# Group 04 | Model Building | Logistic Regression with Downsampling

-------------------------
Amber Curran (akc6be)

Manpreet Dhindsa (mkd8bb)

Quinton Mays (rub9ez)

---------------------------

## Load Data

To begin we create our Spark Session and load the data from the parquet file.

In [1]:
from pyspark.sql import SparkSession

spark = SparkSession.builder \
        .appName("group04Logistic") \
        .getOrCreate()

In [2]:
import pandas as pd
from pyspark.ml.feature import *
from pyspark.ml.linalg import Vectors
from pyspark.ml import Pipeline, PipelineModel  
from pyspark.ml.classification import LogisticRegression
from pyspark.sql.functions import *

In [3]:
df = spark.read.parquet("/project/ds5559/fa21-group04/data/processed_df.parquet")

We then perform a training/validation test split on the data, reserving 80% of the data for training and validation and 20% for testing.

In [4]:
trainVal, test = df.randomSplit([0.8, 0.2], seed=304)

Next, we investigated if downsampling our data to remove the imbalance in `hospital_death` would improve the performance of our model. To do this, two dataframes are constructed by filtering the data based on `hospital_death` value.

In [5]:
death_df = trainVal.filter(col("hospital_death") == 1)
life_df = trainVal.filter(col("hospital_death") == 0)

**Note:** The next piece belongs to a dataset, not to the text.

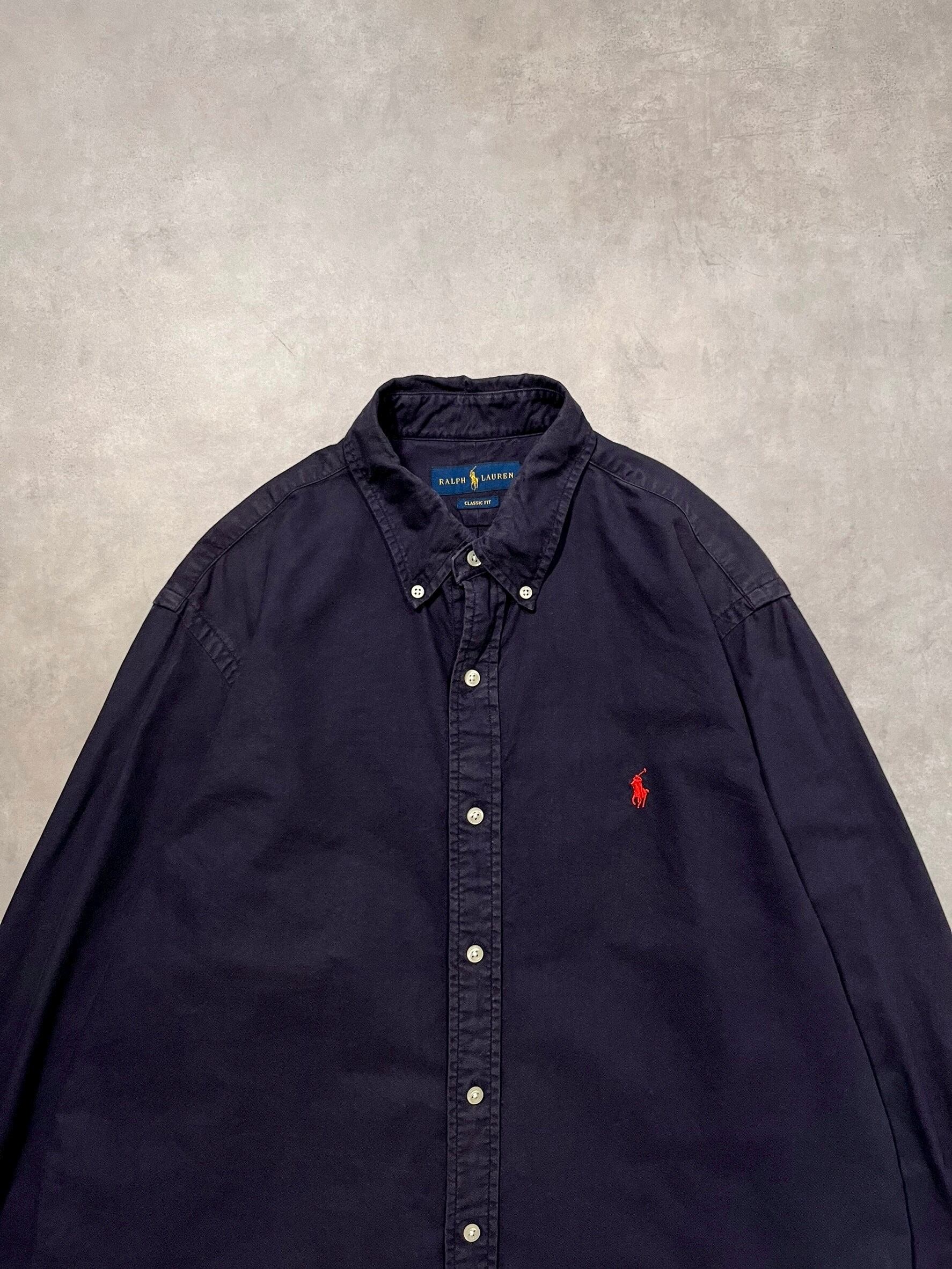 “RALPH LAUREN” L/S One Point Shirt CLASSIC FIT NAVY L

Next, the downsampling ratio is determined by ratio of `hospital_death = 1` to `hospital_death = 0`.

In [6]:
ratio = int(life_df.count() / death_df.count())

In [7]:
ratio

10

This ratio is approximately 10:1, which indicates that there is moderate imbalance present in our response variable. We then account for this imbalance by sampling `life_df` using the inverse of this ratio and unioning the result to the `death_df`.

In [8]:
sampled_life_df = life_df.sample(False, 1/ratio, seed=304)
trainValDownsampled = sampled_life_df.unionAll(death_df)

## Pipeline

Next, a feature vector is constructed using the selected features from the `Group04FeatureSelection.ipynb` notebook. The columns selected as inputs are features chosen by a `UnivariateFeatureSelector`.

In [9]:
final_feature_vectorizer =  VectorAssembler(inputCols=['FinalCatFeatures',
                                                       'selectedContFeatures'],
                                            outputCol='features',
                                            handleInvalid='skip')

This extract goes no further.